Hello everybody, it’s Drew, welcome to my recipe site. Today, I will show you a way to make a special dish, roasted carrots with harissa couscous. It is one of my favorites food recipes. This time, I am going to make it a little bit tasty. This will be really delicious.
Roasted carrots with harissa couscous is one of the most popular of recent trending foods in the world. It is appreciated by millions every day. It is simple, it is fast, it tastes yummy. Roasted carrots with harissa couscous is something which I’ve loved my whole life. They are nice and they look fantastic.
Grilled Harissa Chicken Breasts with Herbed Couscous (Sponsored). Beautiful harissa roasted carrots tossed with an easy herb-white bean mixture and toasted pepitas. Great for lunch or add an egg for a colorful breakfast.
To get started with this particular recipe, we have to prepare a few ingredients. You can cook roasted carrots with harissa couscous using 10 ingredients and 7 steps. Here is how you cook it.
The ingredients needed to make Roasted carrots with harissa couscous:
- Make ready 200 g baby rainbow carrots
- Get 1 tbsp olive oil
- Take 100 g couscous
- Prepare 1 pinch saffron
- Make ready 1 tsp ground cumin
- Make ready 2 tbsp harissa paste
- Prepare 1 handful raisins
- Make ready 2 handfuls flaked almonds
- Make ready 1 handful coriander leaves
- Get 3 tbsp natural yogurt
Add spice mixture; season with salt and pepper and toss to coat. Perfect for midweek meals, quick, fuss-free dinner party menus that will wow guests without requiring hours spent in the kitchen, and simple bakes and sweet treats, these are Ottolenghi recipes as you've never seen them before. Spread the yogurt or labneh on the bottom of a shallow bowl and gently lay the warm carrots on top. Drizzle the reserved harissa-honey mixture over the carrots and top with the dukkah.
Instructions to make Roasted carrots with harissa couscous:
- Preheat oven to 200C
- In 2 tbsp hot water, dissolve the generous pinch the saffron. Toast the flakes almonds.

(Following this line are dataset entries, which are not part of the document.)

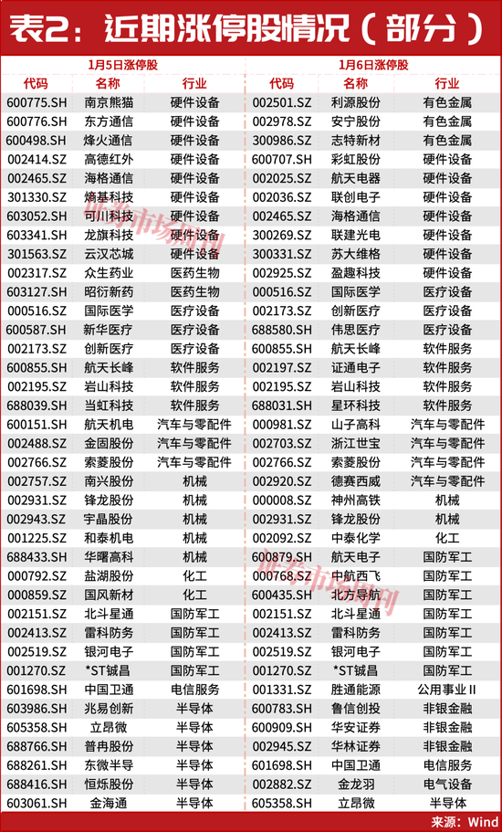 1月5日与1月6日部分涨停公司可见(见表2)。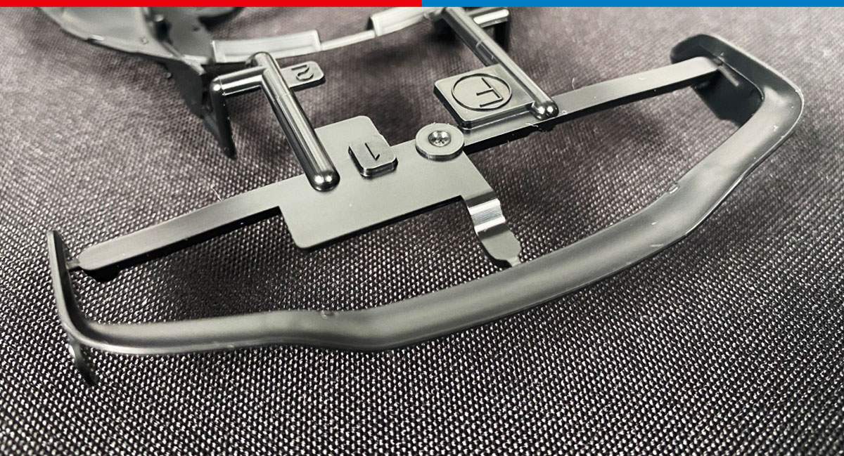 • Metal transfers recreate McLaren logos.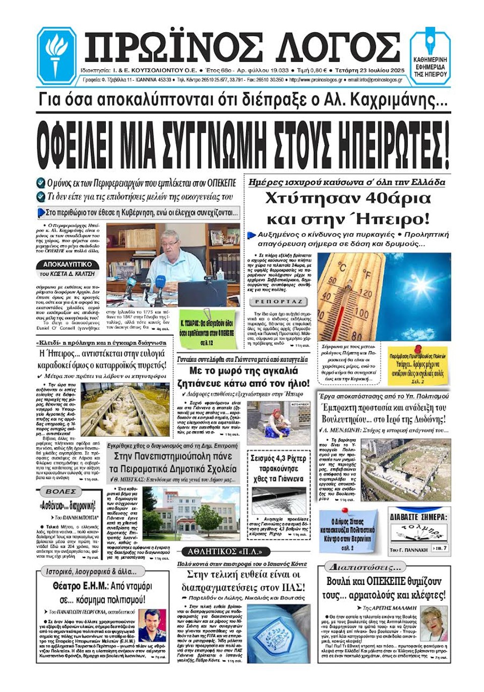 ΠΡΩΙΝΟΣ ΛΟΓΟΣ - 23 Ιουλίου 2025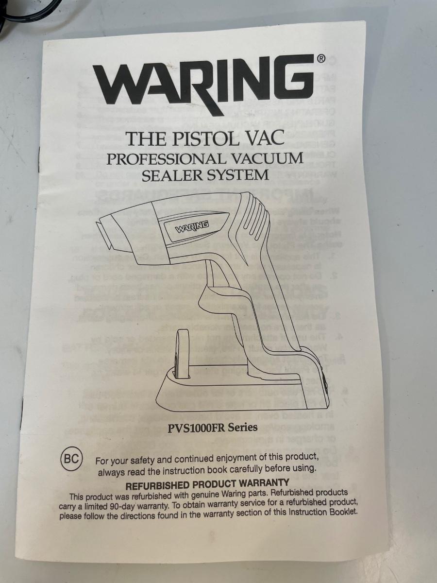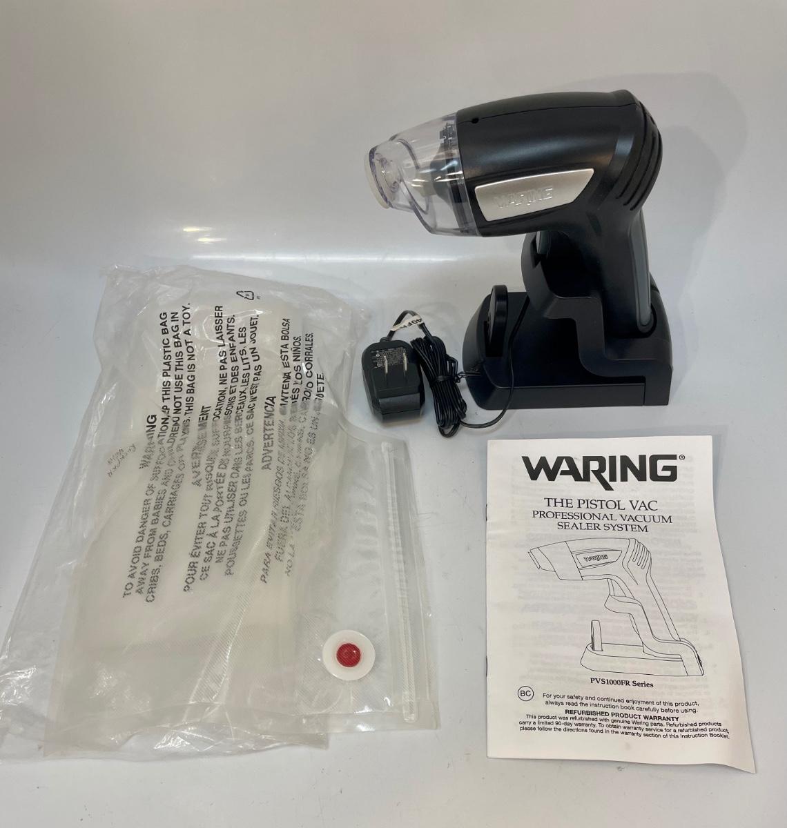 Waring Pistol Vac professional vacuum sealer system with sealer bags. Tested.

- Place the carrots on a baking tray, drizzle with olive oil, season with salt and black pepper and roast for 20 minutes. Remove from the oven and set aside.
- Meanwhile, prepare the couscous. Place the couscous in a heatproof bowl, add the saffron mix and 150ml boiling water. Cover and allow to sit for 10 minutes, or until the liquid has absorbed.
- Fluff the couscous with a fork and add the ground cumin, harissa, raisins, toasted almonds and half coriander leaves (reserve some for garnish) and gently stir until well combined.
- Transfer to a serving dish. Scatter the roasted carrots on top and the remaining coriander.
- Serve with a drizzle of yogurt and the rest on the side.
On baking sheet, toss carrots, oil and curry powder; season. For the carrots: Cut the carrots in half lengthwise. Toss them on a rimmed baking sheet with the oil, cumin, paprika, allspice, brown sugar and ginger. To serve, divide the lentils among individual plates, pooling them at the center. Top with the carrots, then drizzle the harissa on top or around the edges.